Secondly she said that there are three common delusions people suffer from. Which are:
  1. We overstate our good parts (I am English and Catholic so come with self loathing already installed so this one does not count).
  2. We overestimate the ammount of control we have over our lives
  3. We persist in the veiw that our lives will change radically for the better in spite of all available evidence to the contrary.

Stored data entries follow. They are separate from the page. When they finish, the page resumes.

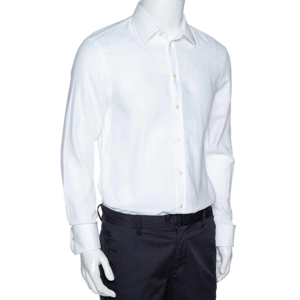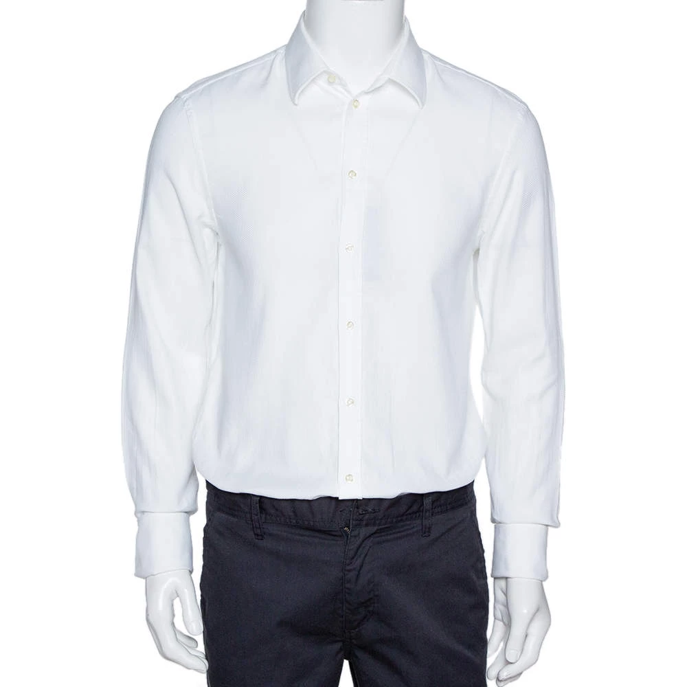 When it comes to subtle formal designs, Emporio Armani leads the choice. This shirt features jacquard work all over, long cuffed sleeves and a sharp collar. Cut from cotton, wear this out with smart-fitting trousers in contrasting colors to balance the look.
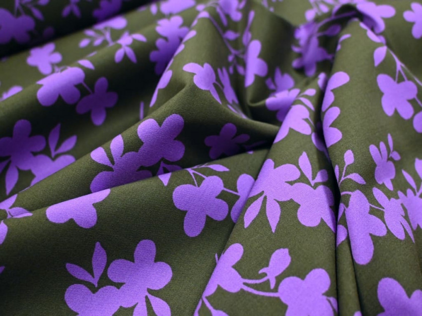 Este tejido de viscosa estampada combina suavidad, elasticidad y un estampado floral encantador en tonos lilas sobre un fondo verde oliva. Su composición de 97% viscosa y 3% elastano le confiere una caída fluida y un toque elástico que mejora la comodidad y el ajuste de las prendas confeccionadas.
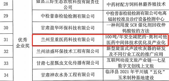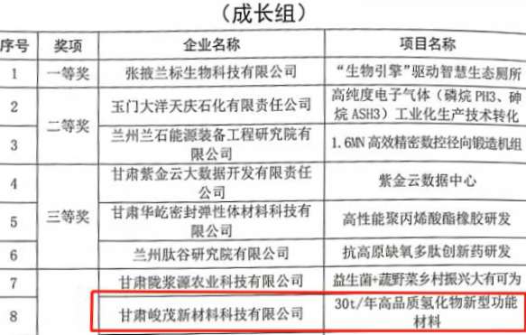 近日,從第十一屆中國創(chuàng)新創(chuàng)業(yè)大賽(甘肅賽區(qū))組委會獲悉,蘭州新區(qū)專精特新化工產(chǎn)業(yè)孵化基地的兩家入駐企業(yè)——甘肅峻茂新材料科技有限公司和蘭州昱重醫(yī)藥科技有限公司分別榮獲第十一屆中國創(chuàng)新創(chuàng)業(yè)大賽(甘肅賽區(qū))優(yōu)秀企業(yè)獎。

Which I personally found pretty fucking sobering.

World Cup Woe


England truly have set a new benchmark for averageness at this tournament thus far. It really is mystifying. Anybody who sees Rooney, Lampard and Gerrard play for their club sides knows that these are class players so why is it they cannot do it for England.

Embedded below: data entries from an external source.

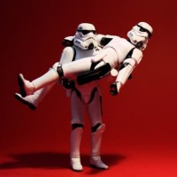 the Star Wars franchise. One figure is being carried by the other as if it were injured or incapacitated. There is
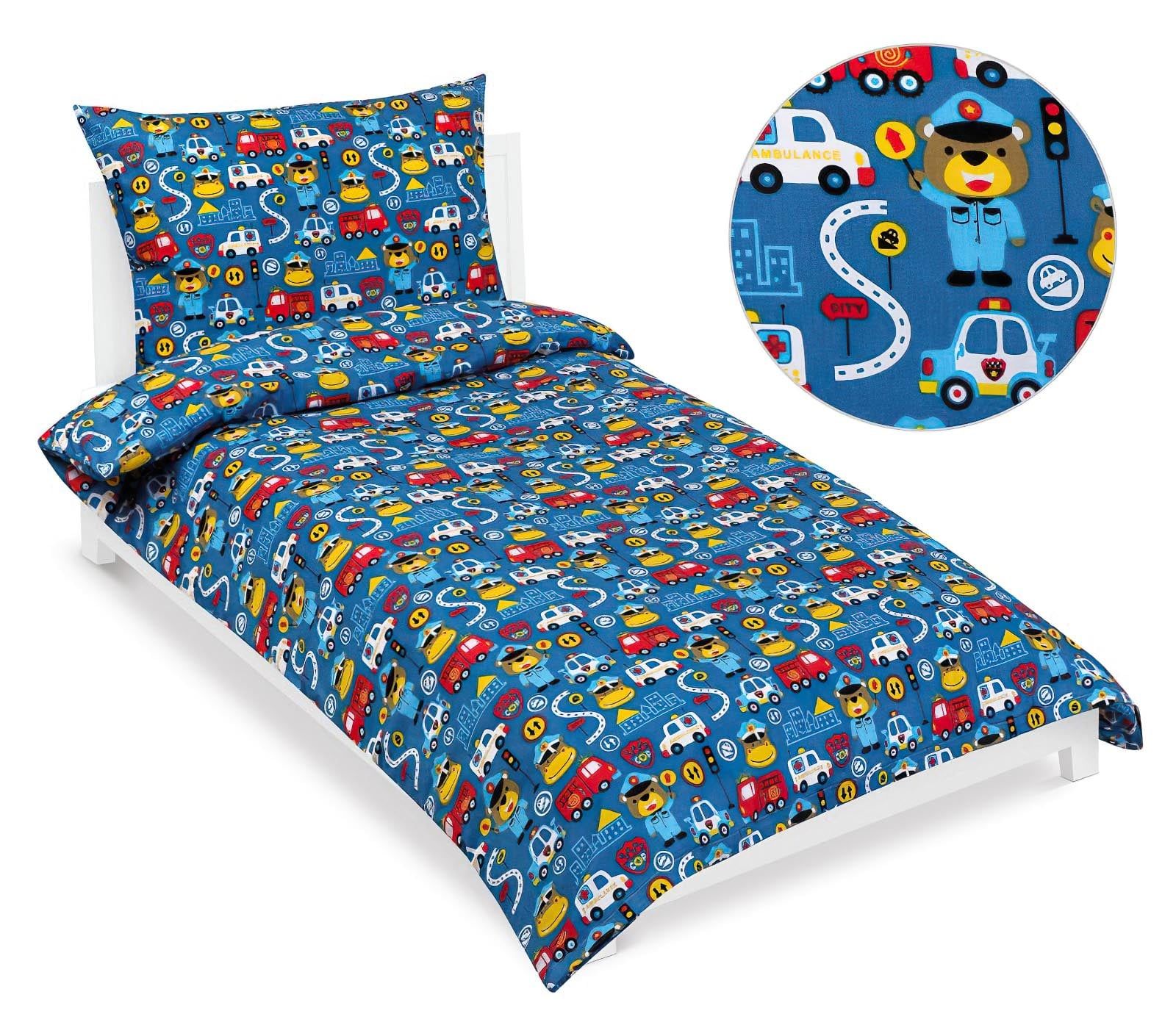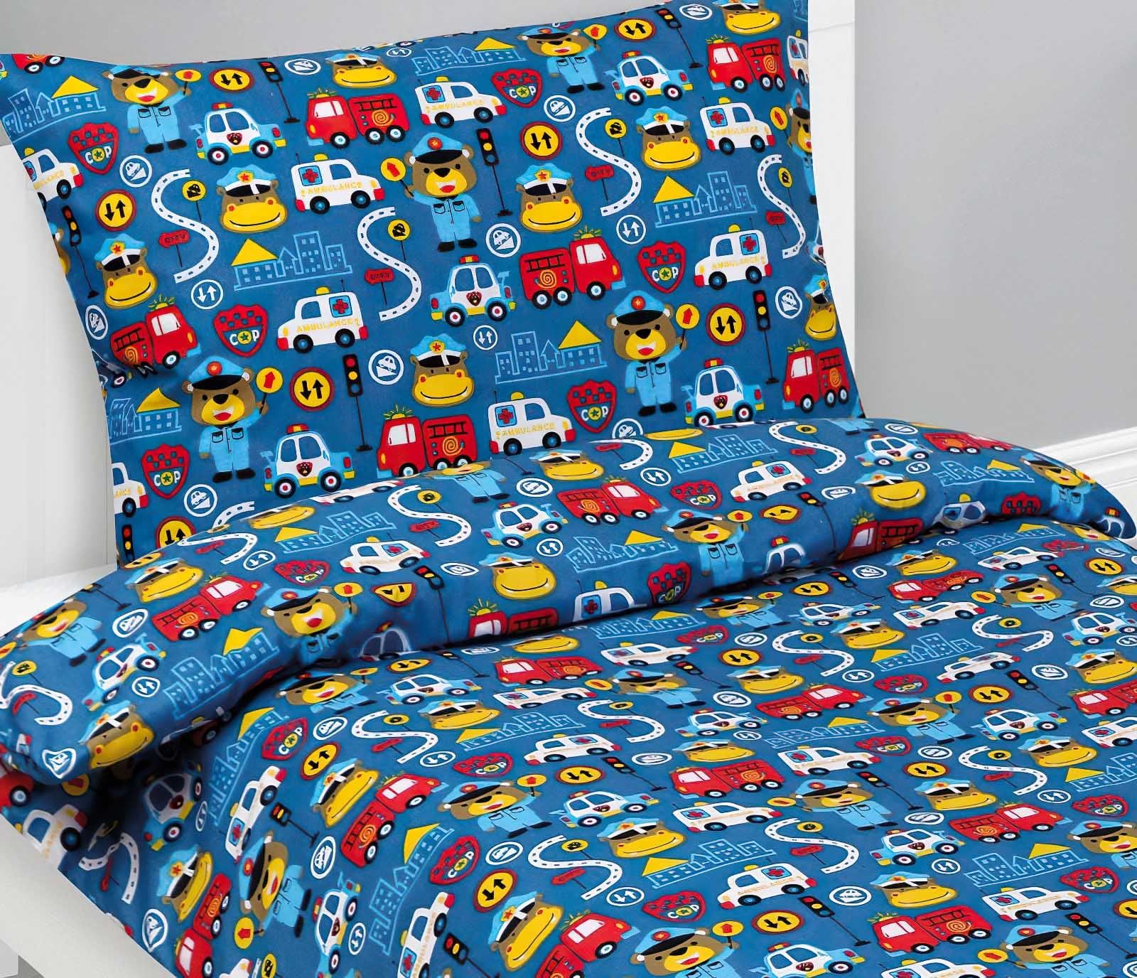 Dětské bavlněné povlečení s motivem medvídků jako policajtů, záchranářů či hasičů se záchranářskými auty na modrém pozadí. Povlečení je z obou stran stejné. Souprava je vyrobena ze 100% bavlny a obsahuje jeden povlak na přikrývku 140 x 200 cm a jeden povlak na polštář 70 x 90 cm. Zapínání na zip.Dětské povlečení rozveselí každý dětský pokojíček a dětem se v něm bude krásně usínat. Toto povlečení je jako stvořené pro všechny malé závodníky. Maminky zase ocení vysoce kvalitní materiál, díky kterému si povlečení zachová své vlastnosti i po mnoha vypráních. Díky speciální technice tisku je také zaručena barevná stálost. Povlečení doporučujeme prát na 40°C tiskem dovnitř, při nastavení nižších otáček ždímání si také usnadníte žehlení. Vyberte si to pravé pro Vaše dítě.
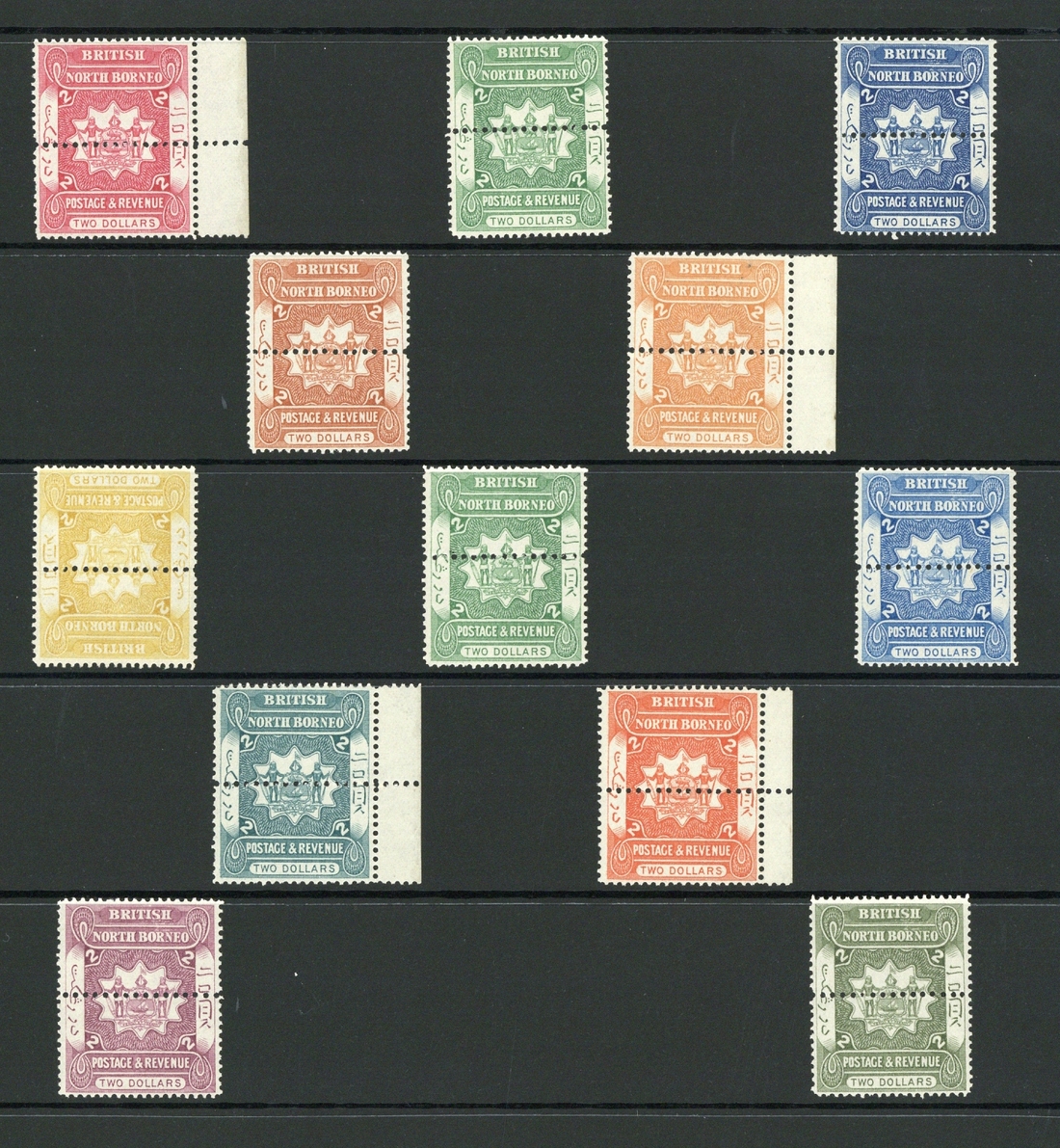 $1 (12) in different colours on gummed paper, each additionally perforated 12 across centre, fresh and fine

This is ordinarily the bit when I offer some kind of bon mot or pithy reason why. But the truth is I don't know the reason why. And judging by the varying bewildered looks on the faces of messrs Capello, Errikson and Maclaren to name but the most recent three it seems the England managers are in the dark as well.

Sunday 13 June 2010

4.3.2.1



Saw this the other night. A great feelgood movie. Closest we've come to true girl power since the heady days of The Spice Girls. And that's not mean ironically.

Friday 11 June 2010

Nuclear Elephants and World Cup Fever

In the hopes of trying to restore this blog to some kind of regularly used blog I am going to try and write this in a regular weekly fashion.

Nuclear Elephant

There has been a great deal of talk over the last few months regarding the deficit. We all know it is big and that we need to tackle it. I work in the public sector and we are the public enemy number one it seems. It is our inflationary wages that our causing us all to be in hock. Now the right way to handle this I might suggest would be to say to everybody ‘look we’re in a bit of a hole here. We’re all going to have to sacrifice a bit for this. Which means public sector worker’s money will be frozen. But so will benefits. And taxes on the really well off will go up to so nobody feels picked on.’

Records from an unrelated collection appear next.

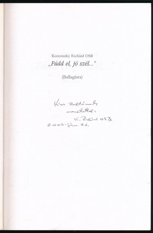 Leírás: Korzenszky Richárd: Fúdd el, jó szél... (Ballagásról.) DEDIKÁLT! Tihany, 2000, Bencés Apátság. Kiadói papírkötés.
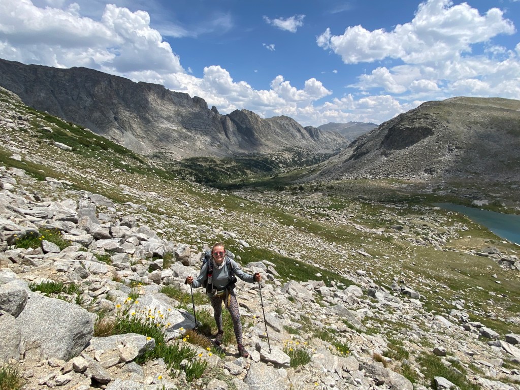 When we crossed the dam 12 pack broke a trekking pole which was absolutely tragic. This was such a difficult section and we were carrying the heaviest packs of the whole trip. Almost immediately after I realized he was missing a croc. What a bad day, especially on a hard day. When we finally finished the crazy bushwhack through blown down trees back to the trail, it wasn’t much better. It took over a mile before we could see a trail regularly again. We walked along a beautiful valley with lots of colorful wildflowers and flowing water before going up our first pass.
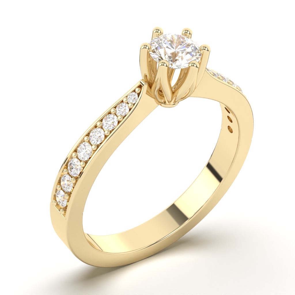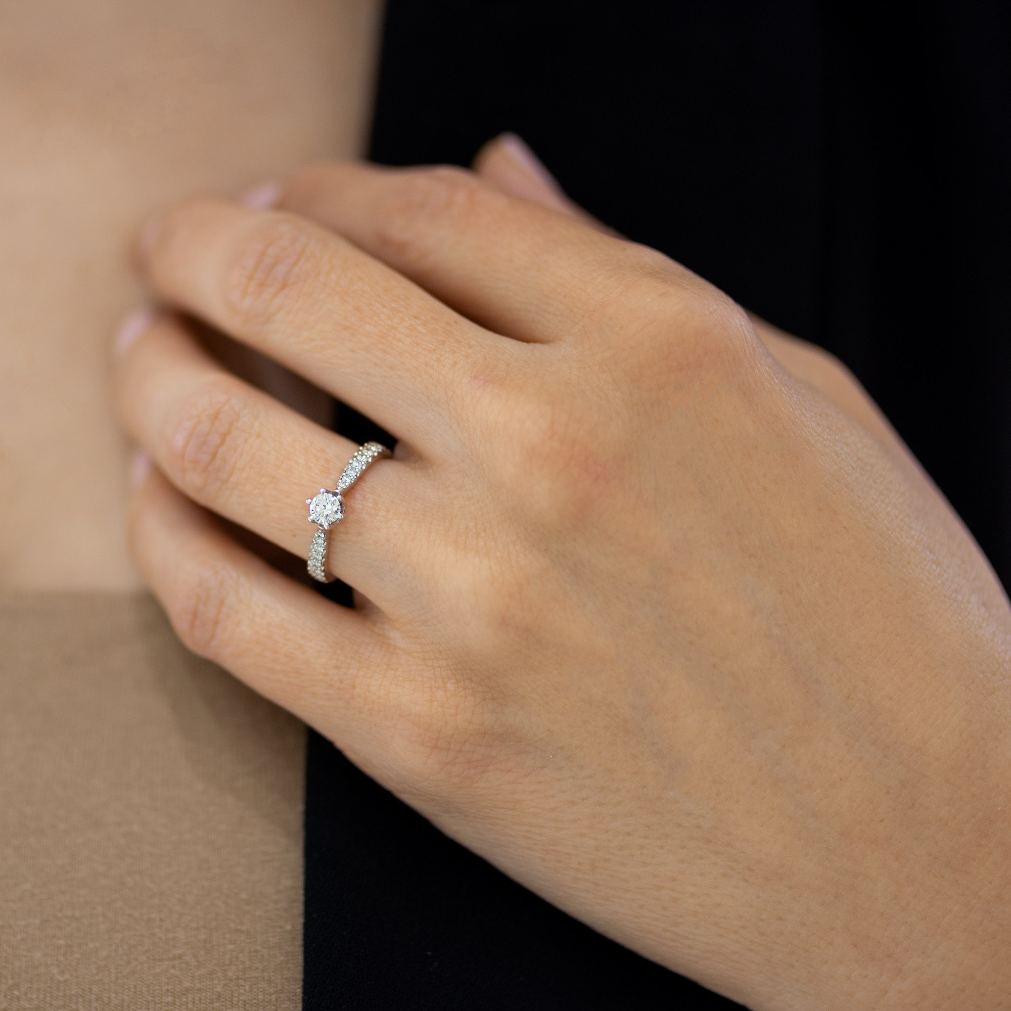 Klasičan verenički prsten koji krase dijamanti. Jedan idealno brušen dijamant sa odličnim svetlosnim karakteristikama, postavljen je u stilizovnao ležište koje čine držači, dok je sa svake strane centralnog kamena u samu kružnicu prstena ufasovano po osam manjih dijamanta.Kada je u pitanju vereničko prstenje, belo zlato je veoma popularno, a zlatara Andrejević nudi mogućnost izrade vereničkog prstenja od roza, kao i od žutog zlata. Posetite zlatare Andrejević Beograd jer uz naš vrhunski dizajnerski tim, izrada nakita po Vašoj želji nikada nije bila lakša.

Unfortunately this kind of plain speaking seems beyond British politicians at least. So what we have is a sustained attack on public sector workers. Who, if little else, do actually get up, go to work, pay taxes and spend money and do all the other things that make an economy work. The cause of this one track attack I think lies with our press who do like their easy hate figures. If you want proof look at the last two years as they have moved from Ross and brand to bankers to Social Workers to MPs to Gordon Brown…repeat.

And while this goes on we have the other story of Iran. Who may or may not be developing nuclear weapons. I have always thought that it is more than a little hypocritical of the rest of the world to lecture Iran while holding nuclear weapons themselves. I have heard various politicians and commentators try to justify this. But at heart it is simple hypocrisy. I have these arguments with my daughter who regularly points out what a hypocrite I am (although she is 6 and does not know the word hypocrite). I am left floundering and end up just feeling I have a right to be a hypocrite because I am an adult and that’s what 99% of us are. However I do realise how facile this argument. It is no less facile when it is elevated from an argument with a six year old to an argument between sovereign states.

Then we come to the elephant of the title. With all this talk of the deficit wouldn’t it make sense to scrap Trident. Even some of the generals, hardly wet lefties, have questioned their usefulness. So why keep it ? The money would ease the deficit, even if half of it was spent on the equipment our soldiers are lacking and would actually give us some moral authority when negotiating with Iran. Trident is the elephant in the room which could help solve so many problems.

World Cup Fever

Well we’re all going a bit silly over here again about England. With half the country declaring we will win and the other half saying we can’t win. The truth is both of those points of view are wrong. England are at best a quarter final team. However once we are there…who knows.